Wherever you plant your garlic, adding lots of compost will help improve the soil. You can plant something there now that will grow until it’s time to plant garlic. Bush beans are probably the most popular crop to follow garlic, but Swiss chard or some other greens would work, too.

Question 3: Zucchini issue

John: Because you’re the most reliable source I know, I’m wondering why our zucchini are blossoming this year, but they’re yielding no vegetables. We’ve heard that others are having the same issue. We have bees around for pollination, but something isn’t working. Is this a regional problem?
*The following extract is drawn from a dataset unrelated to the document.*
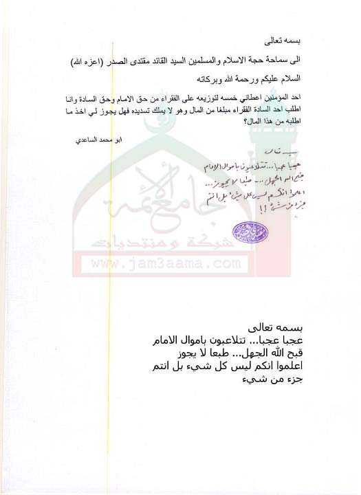 استيفاء الدين من الخمس ( استفتاء للسيد القائد مقتدى الصدر اعزه الله بتاريخ 19-9-2011)
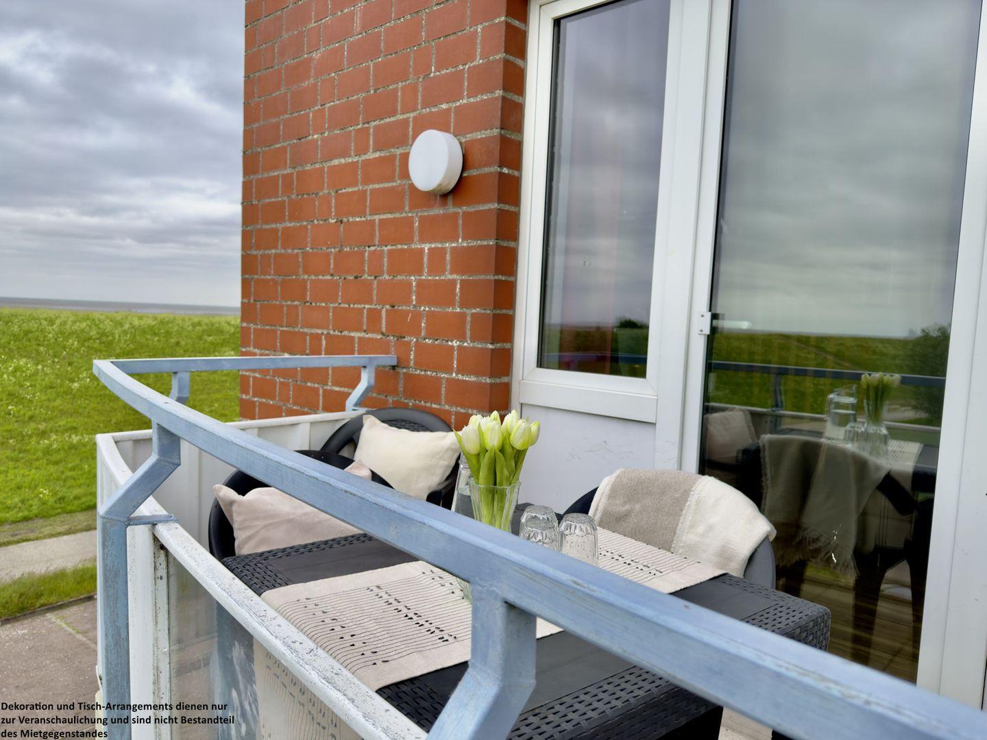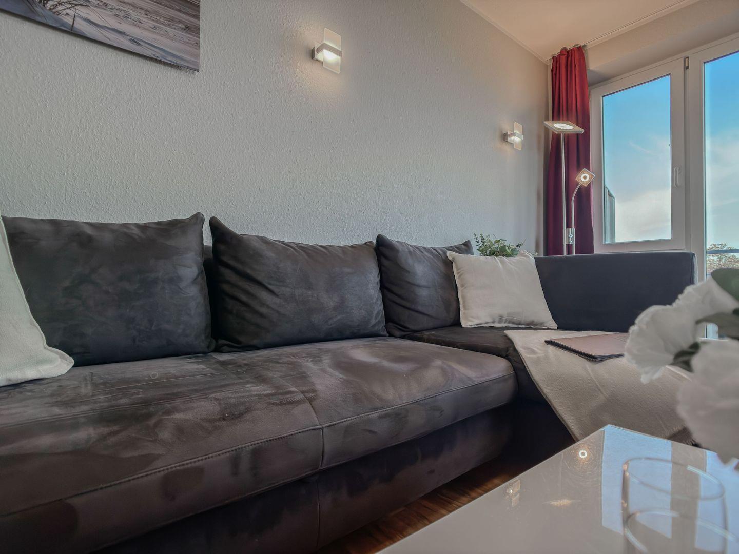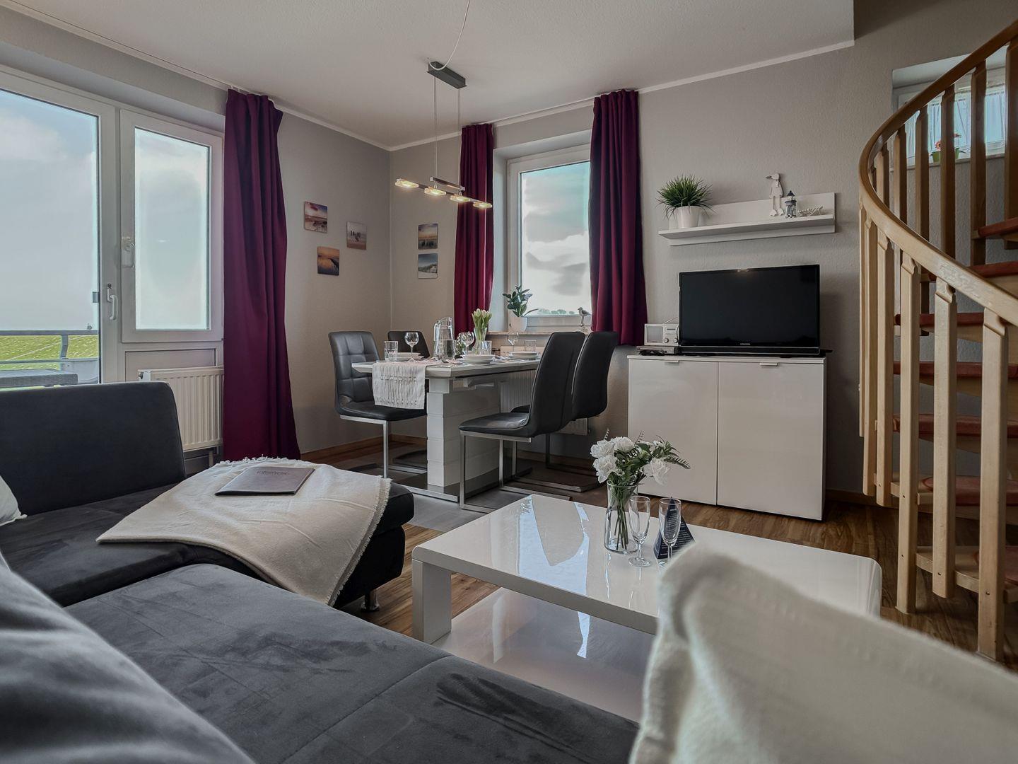 Das angrenzende, lichtdurchflutete Wohnzimmer lädt mit seinem gemütlichen Sofa zu entspannten Abenden ein – sei es bei einem guten Buch, einem Film oder einfach beim Lauschen der Wellen in der Ferne. Die integrierte Essgruppe bietet den idealen Platz für gemeinsame Mahlzeiten oder lustige Spieleabende. Von hier aus gelangen Sie direkt auf den wunderschönen Balkon, wo Sie die frische Nordseeluft genießen und den Blick über das Meer schweifen lassen können.

Heaven forbid if we have to purchase zucchini!

Doug: It’s probably a pollination issue even though you’ve got bees around. Is the plant producing female flowers? They have a little zucchini at the bottom. All the rain has slowed down the bees. You might have to go out in the morning with a little paint brush and move the pollen from male to female.


Question 4: Hydrangeas

Christine: Is there any way to encourage a hydrangea that’s not really blooming, or is it too late? The one toward the bottom — we think it’s a mophead — in this picture only has one solitary bloom while you can see the other two are blooming like crazy. I’m bummed because it’s one of my pink ones, and I love pink.

Doug: I would be tempted to feed it a fertilizer that’s high in phosphorus. It’s the middle number in the listing on the bag. N is for nitrogen, P is for phosphorus and K is for potassium. It might start to put more buds on, depending on the variety.

Some mopheads bloom on new wood. You can’t hurt it by spreading some granular fertilizer around the drip line and scratching it in at the rate recommended on the package.

Question 5: Monarda

Katie: If I pinch back monarda, will it send out more side shoots?

Doug: In most cases it will. I wait until the flowers start to fade and then snip them off. Make sure the plant has the water it needs and a little Grow (available here) fertilizer would help for an instant boost.